Begin the copy at the line containing "A mesmerizing smartphone" in the data below and end it at the line containing "The 47-year-old claimed", keeping each line exact and leaving out pictures.
■ ■ ■ ■
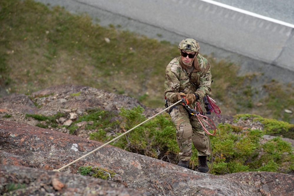 U.S. Air Force Capt. Travis Hunt, a tactical air control party specialist and commanding officer of Detachment 1, 3rd Air Support Operations Squadron, Joint Base Elmendorf-Richardson, ascends a rock face during mountaineering training at Sunshine Ridge, Alaska, Aug. 25, 2022. The 3rd ASOS special warfare Airmen utilize Alaska’s varied and austere training locations to prepare for conditions they may face on deployment. (U.S. Air Force photo by Alejandro Peña)
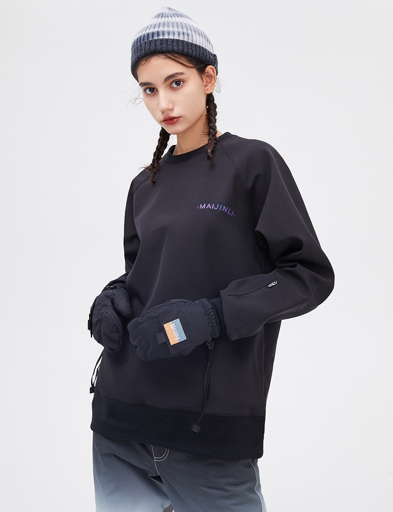 001 Bluza z kapturem, wiatroszczelna, wodoodporna, snowboardowa, narciarska, dla kobiet i mężczyzn, z okrągłym dekoltem, z kolorowym odblaskowym polarem, modne spodnie z szelkami
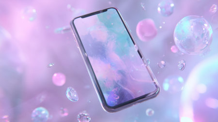 A mesmerizing smartphone displays vibrant holographic visuals, surrounded by whimsical bubbles and sparkling droplets, creating a dreamy and colorful atmosphere.
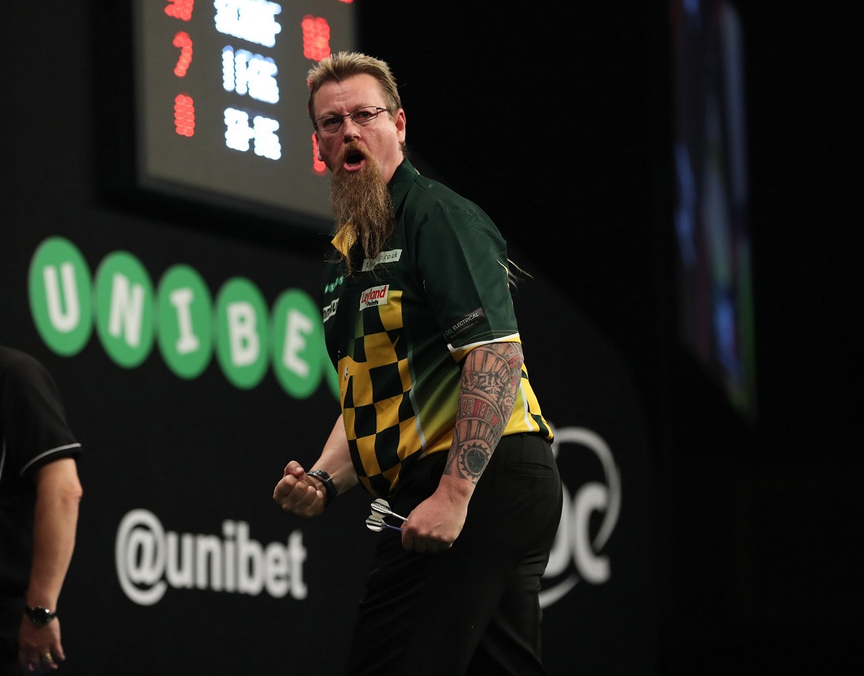 The 47-year-old claimed all three legs in the final set of the match in style, taking out 24 on double 12 in the first, 121 on the bull on the second before finally wrapping up the victory with a 112 finish on tops.
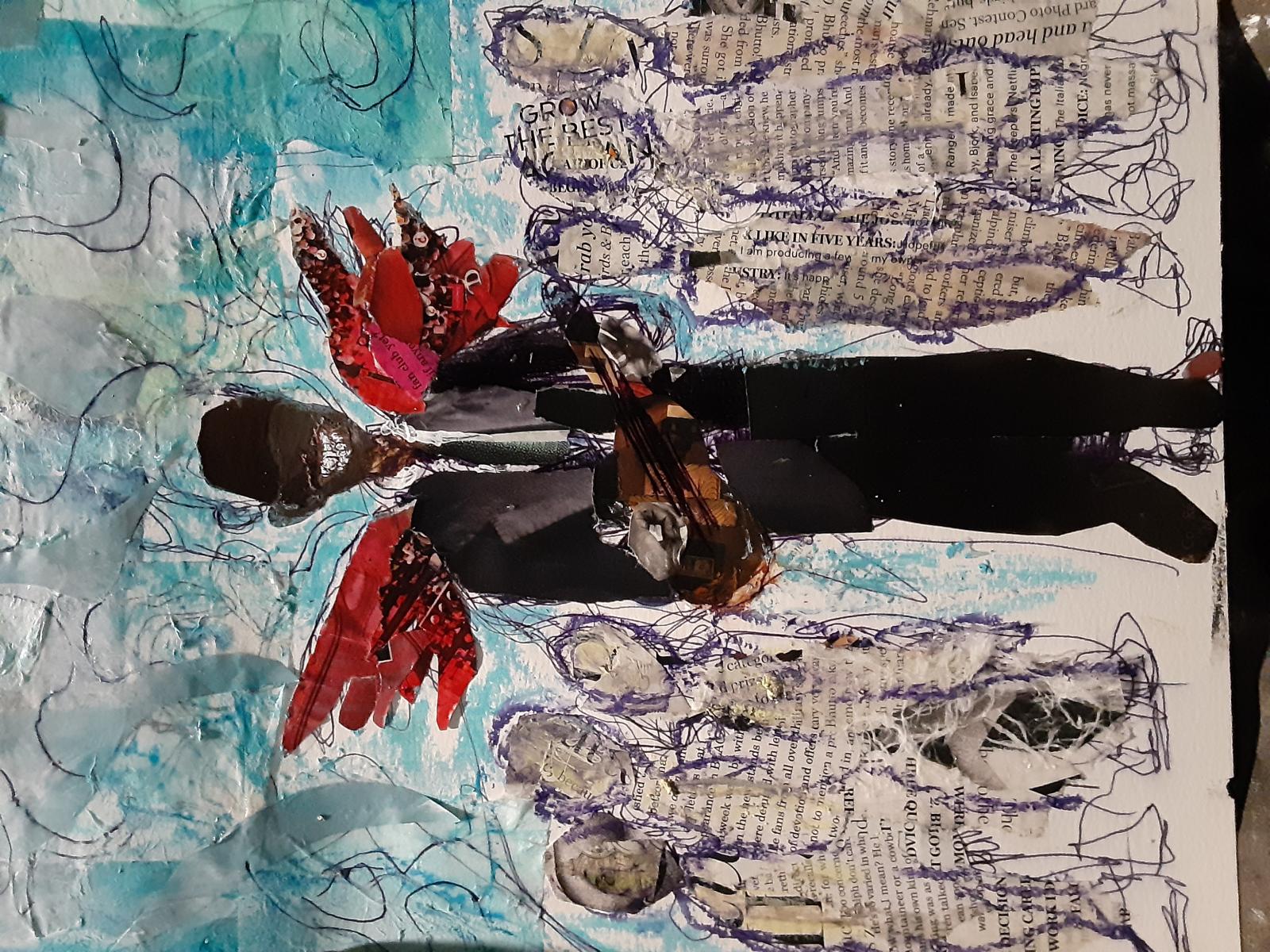 Collage painting inspired by a collaborative experience between a poet and an artist to move beyond illustration and evoke and challenge both to move beyond both.
■ ■ ■ ■
Solution to this task:
 A mesmerizing smartphone displays vibrant holographic visuals, surrounded by whimsical bubbles and sparkling droplets, creating a dreamy and colorful atmosphere.
 The 47-year-old claimed all three legs in the final set of the match in style, taking out 24 on double 12 in the first, 121 on the bull on the second before finally wrapping up the victory with a 112 finish on tops.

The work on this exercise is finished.